= TASK STATEMENT =
Beginning at the line that contains "Bei Penny gibt" and finishing at the line that contains "男性向けラノベタイトル風あだ名 | 『ムラカミハルキアートオンライン』 |", output the data below exactly. Include both end lines and no pictures.

◆ ◆ ◆ ◆

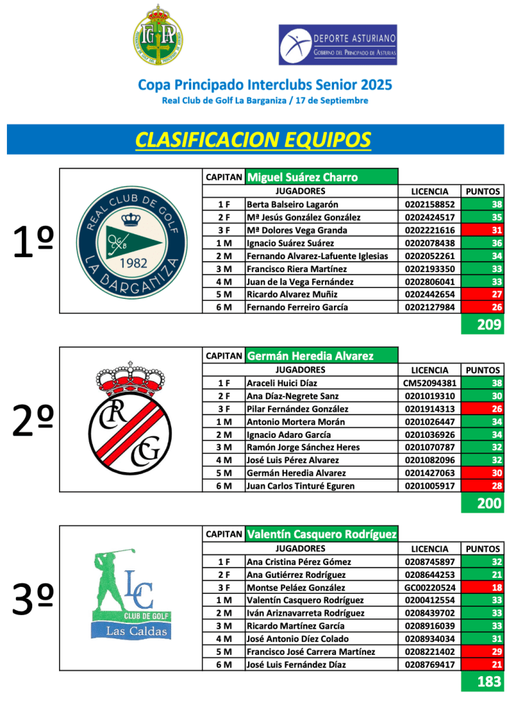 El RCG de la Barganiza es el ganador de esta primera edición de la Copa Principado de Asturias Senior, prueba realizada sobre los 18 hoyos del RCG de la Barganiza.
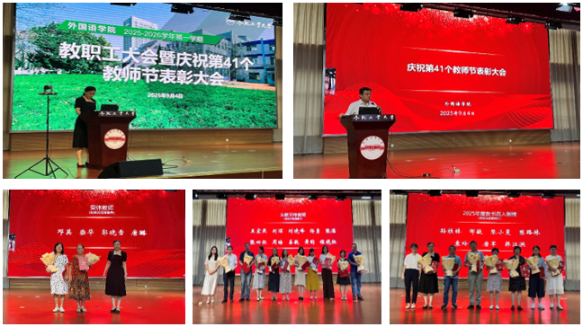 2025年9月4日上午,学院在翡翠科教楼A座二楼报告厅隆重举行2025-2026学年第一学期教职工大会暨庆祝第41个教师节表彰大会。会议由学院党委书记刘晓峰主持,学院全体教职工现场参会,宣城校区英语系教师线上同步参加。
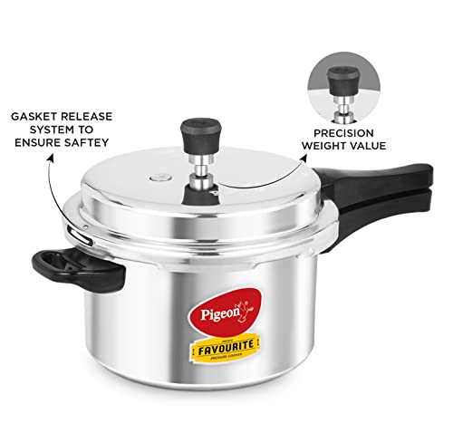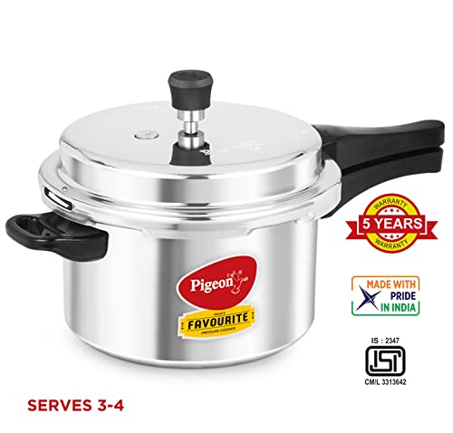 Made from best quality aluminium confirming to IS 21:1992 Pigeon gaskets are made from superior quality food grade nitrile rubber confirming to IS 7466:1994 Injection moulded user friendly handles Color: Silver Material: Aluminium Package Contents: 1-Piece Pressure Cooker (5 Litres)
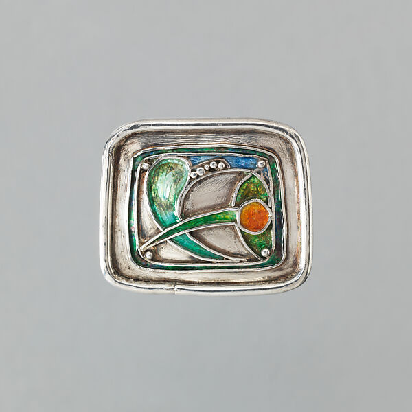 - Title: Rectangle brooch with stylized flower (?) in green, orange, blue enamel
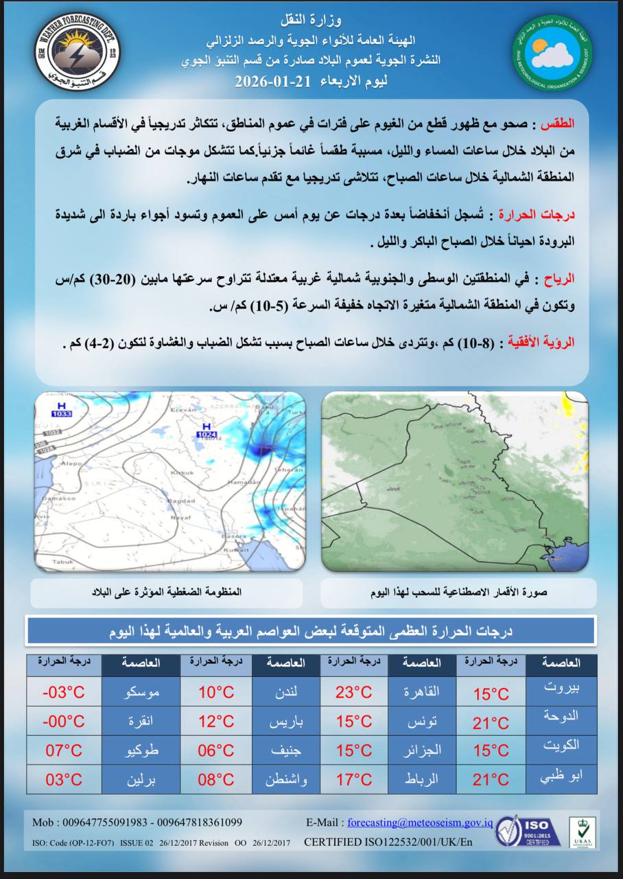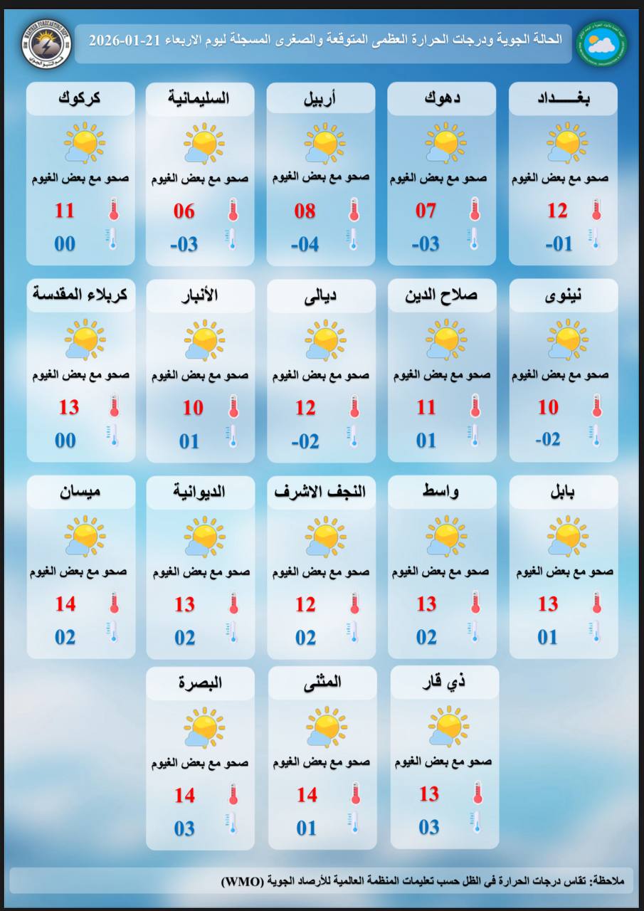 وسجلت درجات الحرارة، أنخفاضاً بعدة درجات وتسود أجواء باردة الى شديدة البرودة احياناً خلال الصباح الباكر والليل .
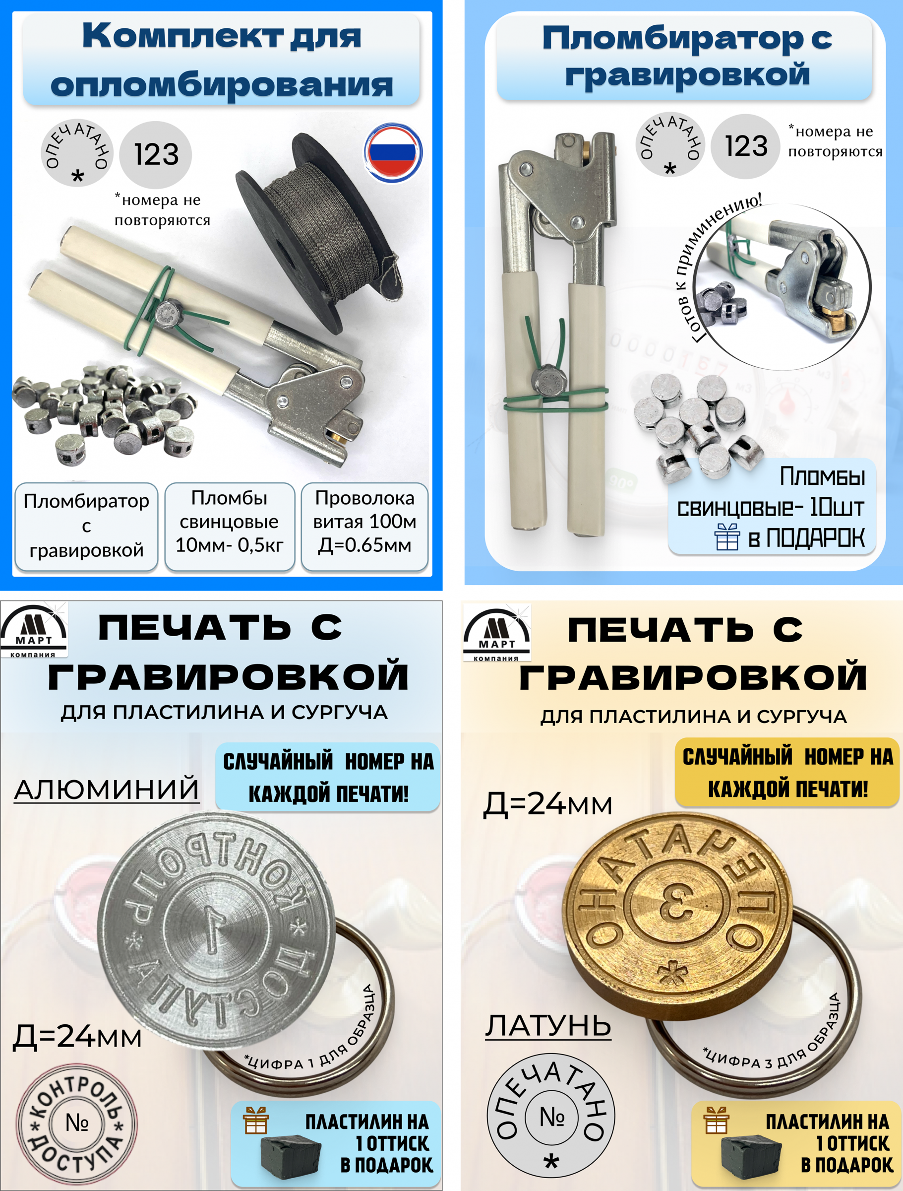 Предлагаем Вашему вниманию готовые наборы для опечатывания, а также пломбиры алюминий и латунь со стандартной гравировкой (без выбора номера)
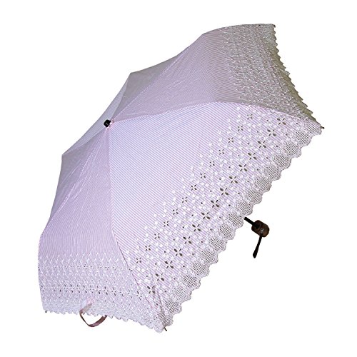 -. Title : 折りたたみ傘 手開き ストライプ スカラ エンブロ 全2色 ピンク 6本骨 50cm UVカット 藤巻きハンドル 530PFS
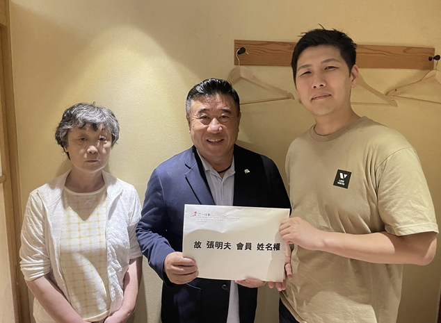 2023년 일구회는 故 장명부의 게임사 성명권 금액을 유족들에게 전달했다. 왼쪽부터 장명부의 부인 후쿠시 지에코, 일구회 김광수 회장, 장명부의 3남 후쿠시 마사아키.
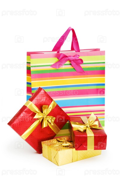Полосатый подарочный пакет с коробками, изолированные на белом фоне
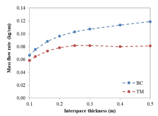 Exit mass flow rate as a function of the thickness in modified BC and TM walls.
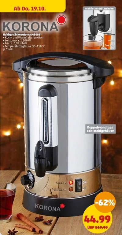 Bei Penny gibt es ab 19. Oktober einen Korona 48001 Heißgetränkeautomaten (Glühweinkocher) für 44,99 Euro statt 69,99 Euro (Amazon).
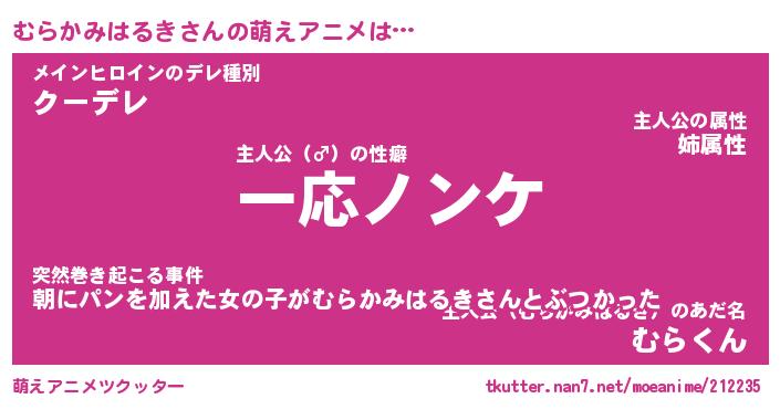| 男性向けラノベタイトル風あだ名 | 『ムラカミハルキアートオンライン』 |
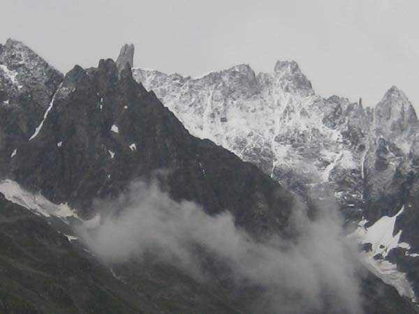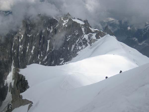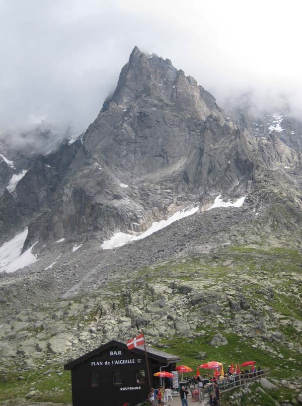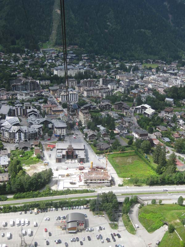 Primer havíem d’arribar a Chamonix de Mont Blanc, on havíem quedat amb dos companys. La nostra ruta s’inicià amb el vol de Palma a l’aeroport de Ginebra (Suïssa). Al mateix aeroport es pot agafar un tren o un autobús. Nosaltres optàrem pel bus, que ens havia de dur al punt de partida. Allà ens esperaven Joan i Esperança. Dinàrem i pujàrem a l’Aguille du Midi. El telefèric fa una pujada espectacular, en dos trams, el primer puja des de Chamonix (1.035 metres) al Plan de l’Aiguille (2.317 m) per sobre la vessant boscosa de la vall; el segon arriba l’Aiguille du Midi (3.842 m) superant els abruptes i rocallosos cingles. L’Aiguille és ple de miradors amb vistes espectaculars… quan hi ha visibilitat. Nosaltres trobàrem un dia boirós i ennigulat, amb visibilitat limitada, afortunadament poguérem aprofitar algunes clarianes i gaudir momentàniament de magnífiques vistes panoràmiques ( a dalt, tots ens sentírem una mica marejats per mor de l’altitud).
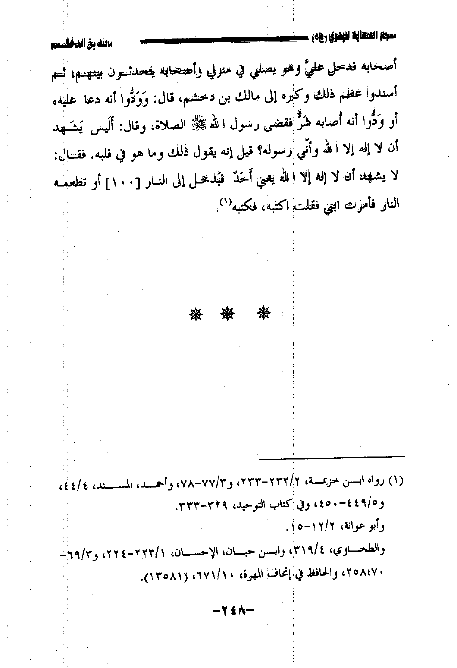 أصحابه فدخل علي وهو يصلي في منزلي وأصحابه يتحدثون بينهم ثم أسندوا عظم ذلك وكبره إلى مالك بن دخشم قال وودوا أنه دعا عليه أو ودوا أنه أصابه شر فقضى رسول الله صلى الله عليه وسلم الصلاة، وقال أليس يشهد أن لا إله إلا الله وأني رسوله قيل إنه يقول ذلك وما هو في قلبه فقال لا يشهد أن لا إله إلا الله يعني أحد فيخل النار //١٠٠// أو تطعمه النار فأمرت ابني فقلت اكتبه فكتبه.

◆ ◆ ◆ ◆

= PROBLEM SOLUTION =
 Bei Penny gibt es ab 19. Oktober einen Korona 48001 Heißgetränkeautomaten (Glühweinkocher) für 44,99 Euro statt 69,99 Euro (Amazon).
| 男性向けラノベタイトル風あだ名 | 『ムラカミハルキアートオンライン』 |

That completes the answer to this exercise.